Does metal make me angry and chaotic? Or do I listen to metal because I am angry and chaotic?
We’ll get to the answer in a minute.
In the meantime, let’s get a little backstory. As some of you know, I am in the process of upgrading my AV receiver. The first unit I got, while sounding amazing, developed a bad remote sensor after 5 days. The exchange is still in progress, as detailed in an earlier post. The replacement unit is scheduled to arrive on Thursday.
In the meantime, I am left without something I have had constantly for over six and a half years – a sound system in my bedroom. I’ve been left with my car stereo and my iPod. Neither are as accessible of substitutes, which has led to me listening to music a lot less over the last several days. This, I have just realized, resulted in an interesting self-experiment being inadvertently performed: Does mostly going without my raging, crazy music while continuing to do everything else as normal make me calmer, kinder, and more sane? Is my frequent frustration and bitterness as result of this sort of music? Could it really be?

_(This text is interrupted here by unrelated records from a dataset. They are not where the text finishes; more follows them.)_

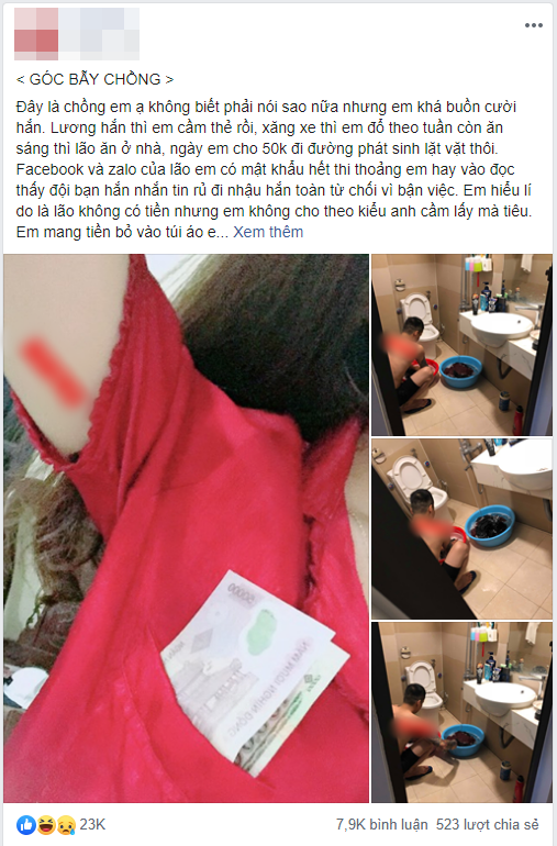 "Đây là chồng em ạ! Không biết phải nói sao nữa nhưng em khá buồn cười hắn. Lương hắn thì em cầm thẻ rồi, xăng xe thì em đổ theo tuần còn ăn sáng thì lão ăn ở nhà, ngày em cho 50k đi đường phát sinh lặt vặt thôi.
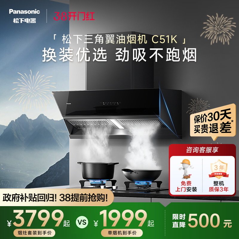 【三角翼侧吸】松下抽油烟机侧吸吸厨房家用大吸力烟灶套装C51K
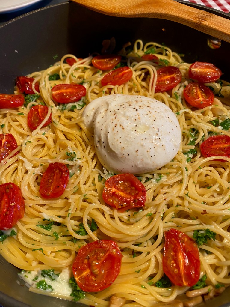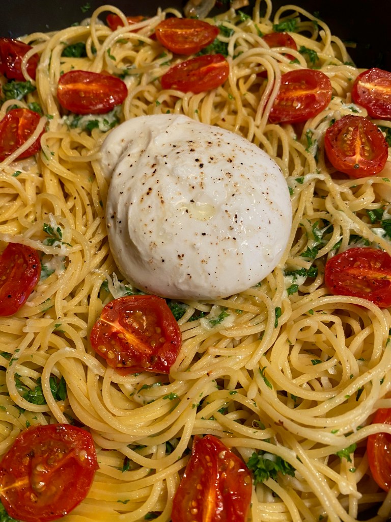One reply on “Burrata and Tomato Spaghetti Aglio e Olio”
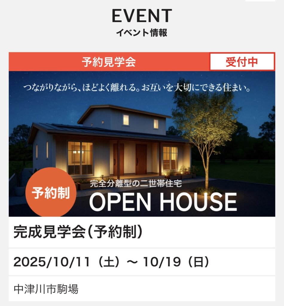 中津川市で二世帯住宅の完成見学会|家族のちょうどいい距離感を体感
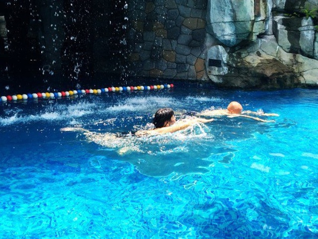 泳池不深不浅,还有人造假山和水帘洞,洞里就算是室内泳池。虽然不是正规比赛池,除了儿童区,其他地方成年人完全可以游起来——看,老爸老妈耍得可欢了!

No. I spent most of this evening ALONE with my iPod, listening to most of the catalog of the metalcore band As I Lay Dying. Music which is in general fast, almost incomprehensible, and insane. For the first time in nearly a week, I feel calm and collected. Like I can sleep in peace, and survive the next day. This weekend has seen from me some very strange behavior from myself that has honestly frightened me. Sunday night after work I stopped at AM/PM for a substantial junk food binge. On the way home, I was literally screaming in my car at the other drivers, even though I knew they couldn’t hear me.
I have been getting worse and worse with junk food. I know it’s unhealthy, I have foolishly come to rely on it. I buy sugary espresso drinks when I get coffee, I buy too much stuff from my job (ice cream shop) I buy fried food and pastries at Clark, like they will somehow help me get through my day. Strangely, the one thing proven to help is my tasty, black, french-pressed Stumptown coffee. The healthy thing. Hmmph. Starting today, I am cutting out the junk food. Tasty drinks will be knocked back to one a week, probably from River Maiden, since theirs are full of win, and somewhat cheaper. When I buy food, I will keep it to healthy fair like sandwiches and salads.

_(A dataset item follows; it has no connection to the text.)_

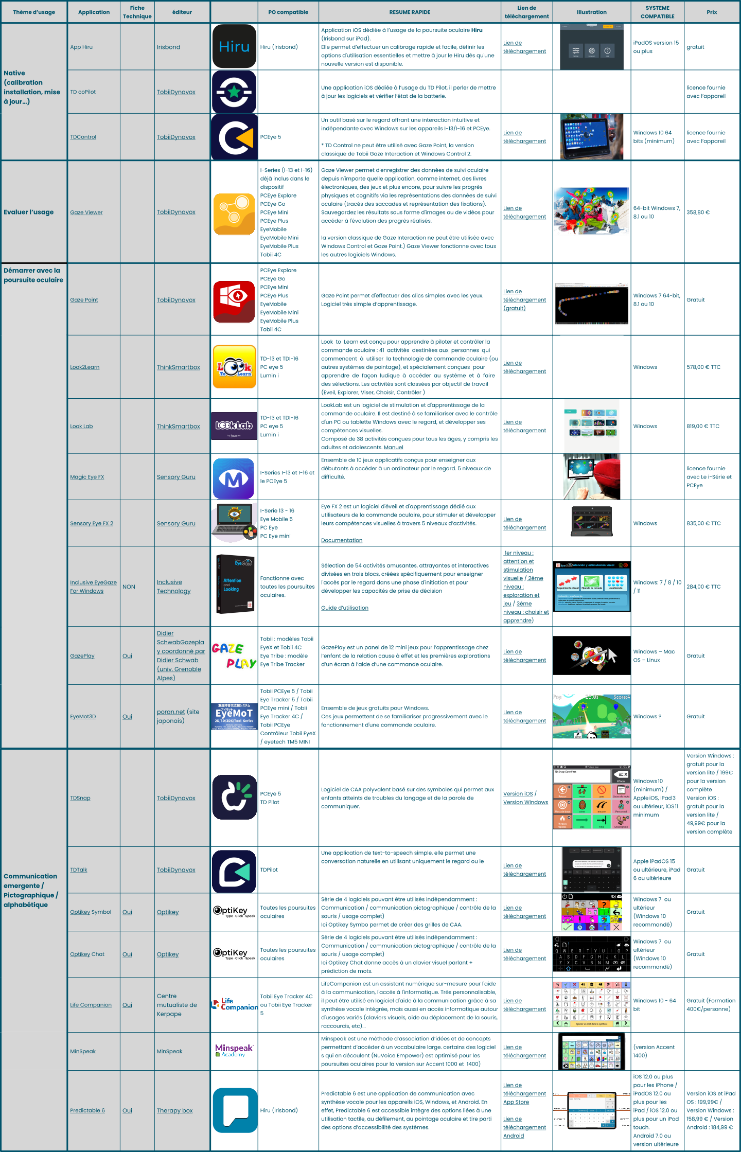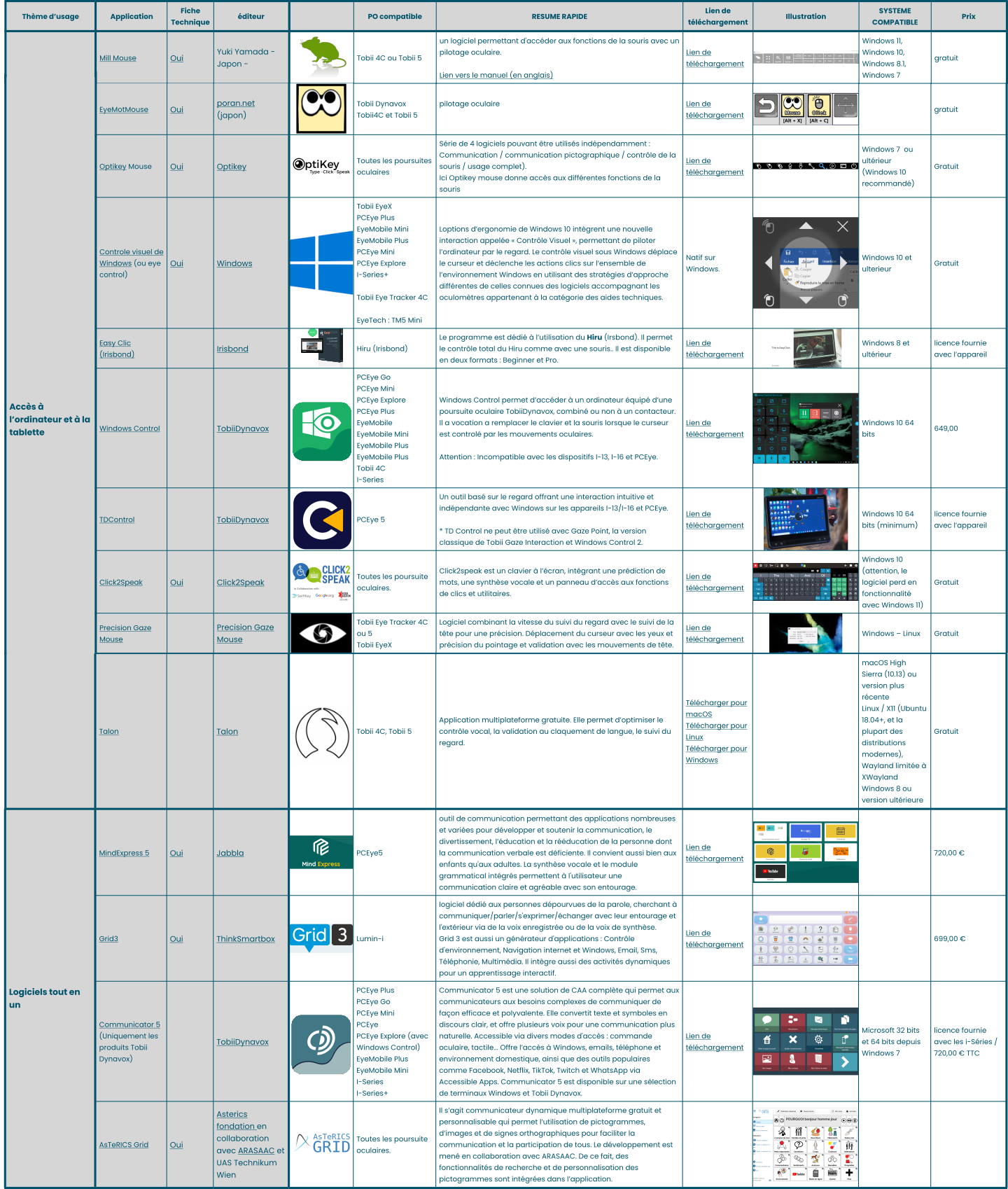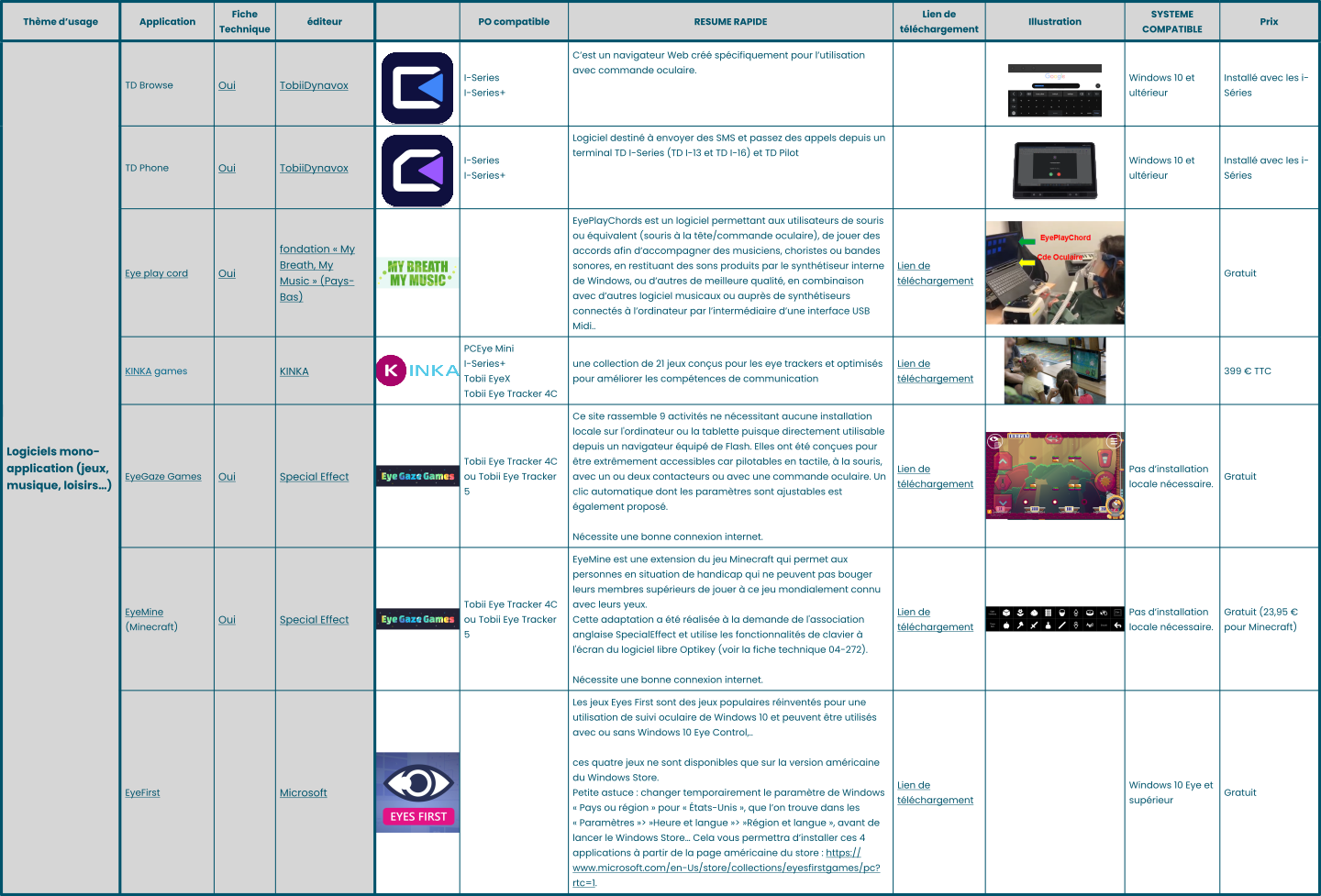 Pour chaque catégories d’usage, nous avons recensé les logiciels dits “optimisés” pour la commande oculaire.

But, I now have answered the question that has always been in the back of my head. No, “The Metal” does not make me this way. I AM this way. Music like this merely finds a resonance in my soul, and helps provide an outlet. The fury of it all…the double bass, the distorted guitars, the screaming and growling….the pressure in my chest from growling along with it…..it lets me dump the rage that is about to find its way out somewhere far, far worse. I cannot afford to dump this into the people around me. Junk food binges will quite literally be the death of me. It all ends here.
“You cannot kill the metal. The metal will live on!”
Thank you LORD, for giving me music from people like me, and for giving me the gear to enjoy it on.
Thank you.
……..my God…..I am actually smiling as I write this. What a concept.